(RECORDED DATA)

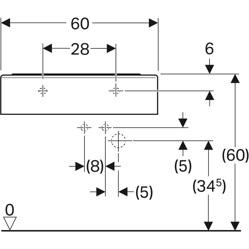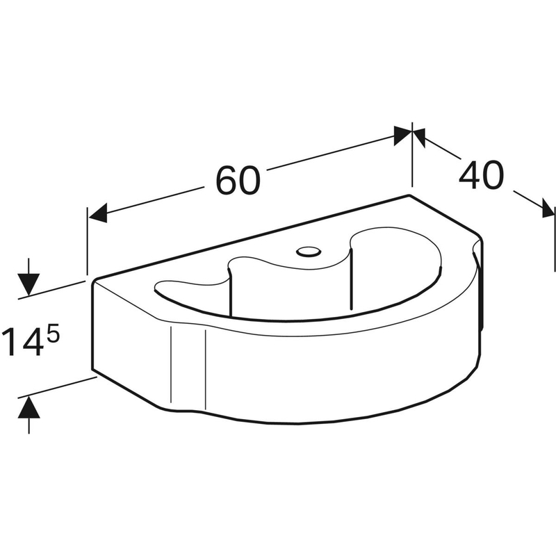 Geberit Bambini -pesuallas lapsille: B = 60 cm, T = 40 cm, hanareikä = keskellä, ylivuoto = ei ole, valkoinen.
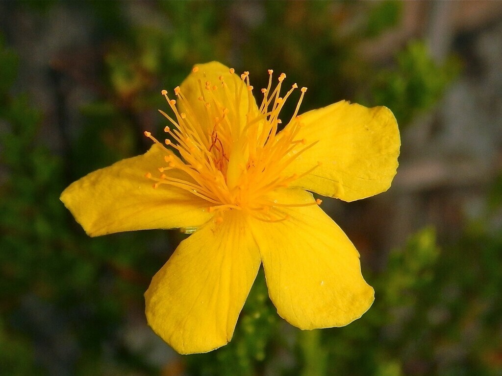 Scrub St. John's Wort (Hypericum tenufolium) is a short lived perennial wildflower that rarely grows taller than 12"-18" tall. It prefers well-drained soils and full sun, and blooms at the tips of stems with small, intricate yellow blooms. Expect flowers throughout the summer. This is a great, low growing drought resistant wildflower and can be used to great effect as a border plant. Good pollinator attraction.
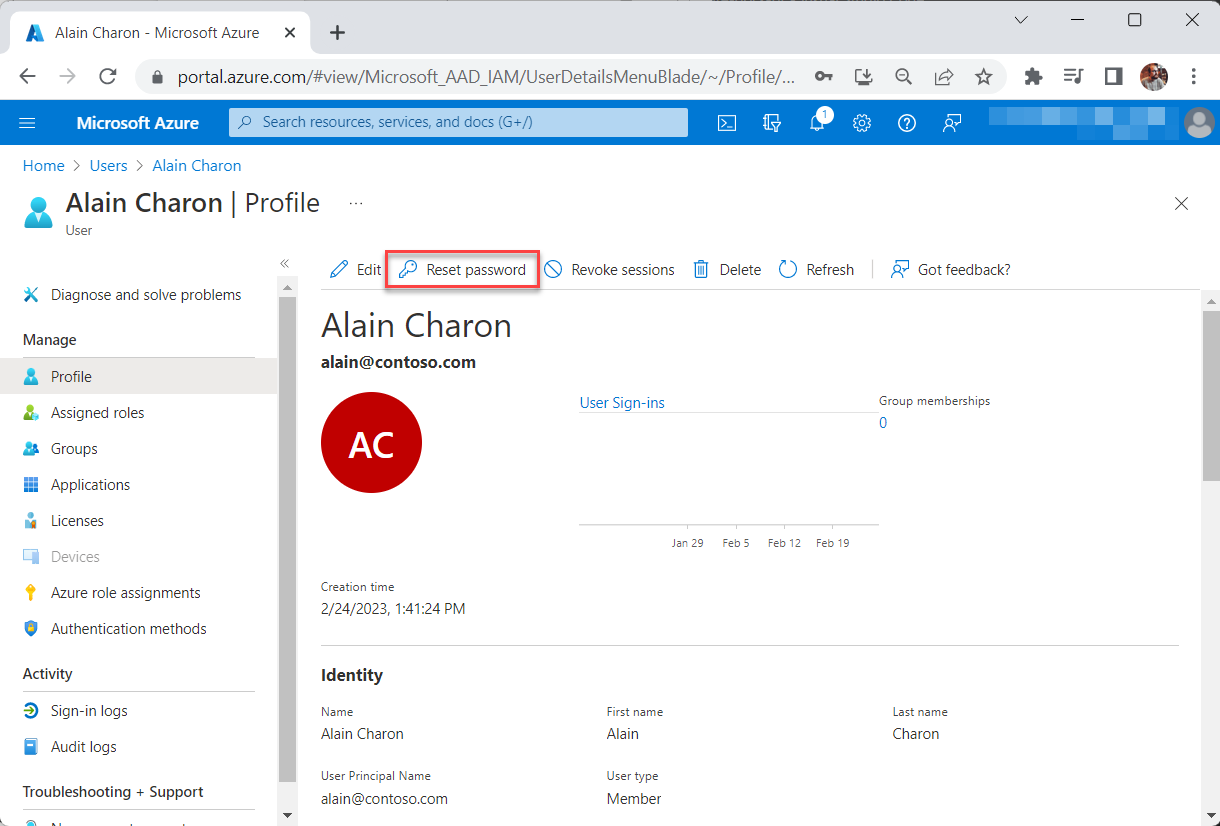 - In your Azure AD B2C directory, select Users, and then select the user you want to reset the password.

(End RECORDED DATA)

Transcribe the data exactly, minus any images.

 Geberit Bambini -pesuallas lapsille: B = 60 cm, T = 40 cm, hanareikä = keskellä, ylivuoto = ei ole, valkoinen.
 Scrub St. John's Wort (Hypericum tenufolium) is a short lived perennial wildflower that rarely grows taller than 12"-18" tall. It prefers well-drained soils and full sun, and blooms at the tips of stems with small, intricate yellow blooms. Expect flowers throughout the summer. This is a great, low growing drought resistant wildflower and can be used to great effect as a border plant. Good pollinator attraction.
 - In your Azure AD B2C directory, select Users, and then select the user you want to reset the password.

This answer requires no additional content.